The Illinois Senate is expected to vote Tuesday on a tax increase that Gov. Bruce Rauner already has vowed to veto.
The state narrowly avoided a downgrade to “junk” bond status on Monday, but there was little progress at the Capitol to end the two-year budget impasse.
Credit agencies said Sunday that a House vote to raise taxes was a good first step, but as the bill was set to move on to the Senate, negotiations hit another roadblock.
Leaders from both parties could not get together for a scheduled meeting – though Senate President John Cullerton vowed that lawmakers would vote Tuesday on the budget that passed the House.
“The Senate is committed to finishing the work it began in January and hopes to finally find bipartisan agreement to put an end to this chaos and restore stability to our state,” a spokesman for Cullerton said in a statement.
The House passed the revenue and spending package Sunday, with the tax hike garnering 72 votes, just one more than required to clear the chamber.
Fifteen Republicans, under intense pressure to end the standoff, broke ranks to vote in favor of the increase.
The measure would raise the personal income tax rate from 3.75 percent to 4.95 percent and the corporate tax rate from 5.25 percent to 7 percent.
The tax hikes are projected to raise roughly $5 billion at a time when Illinois has a $6.2 billion annual deficit and a $14.7 billion backlog of overdue bills.
Rauner quickly issued a statement Sunday night saying he would veto the increase citing a lack of reforms. On Monday, he took to social media to speak on the bill once more.
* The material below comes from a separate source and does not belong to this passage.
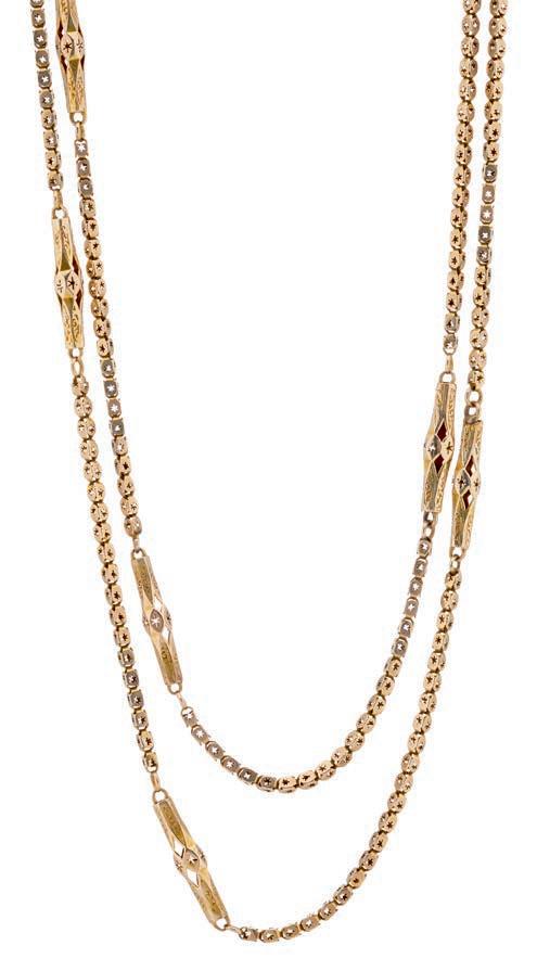3 A late Victorian gold, fancy-link longuard chain necklace, with push-piece barrel clasp, length 155cm, 25g £400 - £600

“Yesterday, Springfield decided to hit residents and businesses with the largest tax hike in history,” he said in a video posted on Twitter. “Illinois families deserve more jobs, property tax relief and term limits. They are about to get none of that - just higher taxes.”
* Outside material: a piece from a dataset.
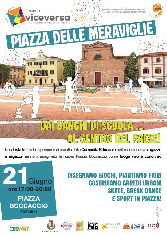 Il Progetto Viceversa è realizzato da Associazione Polis Certaldo, Narrazioni Urbane, Comune di Certaldo, Università di Siena - DISPOC Dipartimento di Scienze Sociali Politiche e Cognitive, Associazione Spazio Ipotetico, Associazione Circo Libero Tutti e Istituto Comprensivo di Certaldo, con il patrocinio di Cesvot. Il progetto è stato selezionato da “Con i Bambini” nell’ambito del Fondo per il contrasto della povertà educativa minorile. Il Fondo nasce da un’intesa tra le Fondazioni di origine bancaria rappresentate da Acri, il Forum Nazionale del Terzo Settore e il Governo. Sostiene interventi finalizzati a rimuovere gli ostacoli di natura economica, sociale e culturale che impediscono la piena fruizione dei processi educativi da parte dei minori. Per attuare i programmi del Fondo, a giugno 2016 è nata l’impresa sociale Con i Bambini, organizzazione senza scopo di lucro interamente partecipata dalla Fondazione CON IL SUD. www.conibambini.org

But Democratic House Speaker Michael Madigan emphasized that Sunday’s vote was bipartisan, insisting that more work remained in negotiations.
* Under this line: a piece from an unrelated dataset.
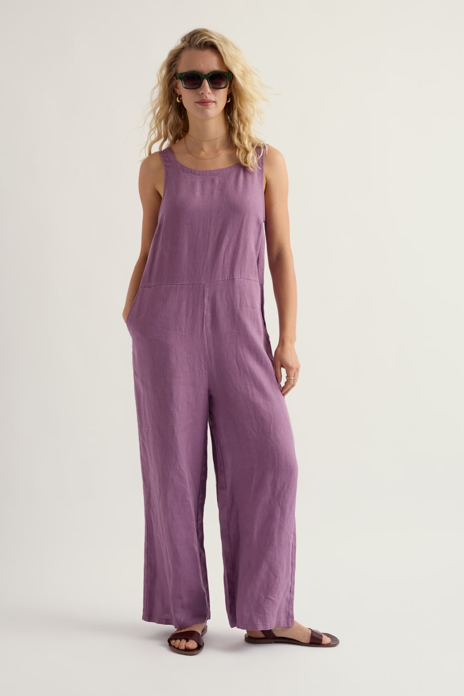 Our popular Salt Air Jumpsuit, cut for a comfortable fit with a relaxed wide leg. The simple shape is perfect for layering over crisp T-shirts or long sleeve tops. We’ve finished it with button detailing at the shoulder and a V cut back.

But those negotiations suffered a setback when Republican leaders didn’t attend a meeting Monday on non-budgetary reforms like workers’ compensation and a property tax freeze – items Rauner has demanded since taking office in 2015 in order to agree to a deal to end the impasse.
Nevertheless, Cullerton planned to call the bills Tuesday.
In the event that the budget passes and Rauner shuts it down, Madigan said he will push to override that veto, setting up for potential political fireworks on the Fourth of July.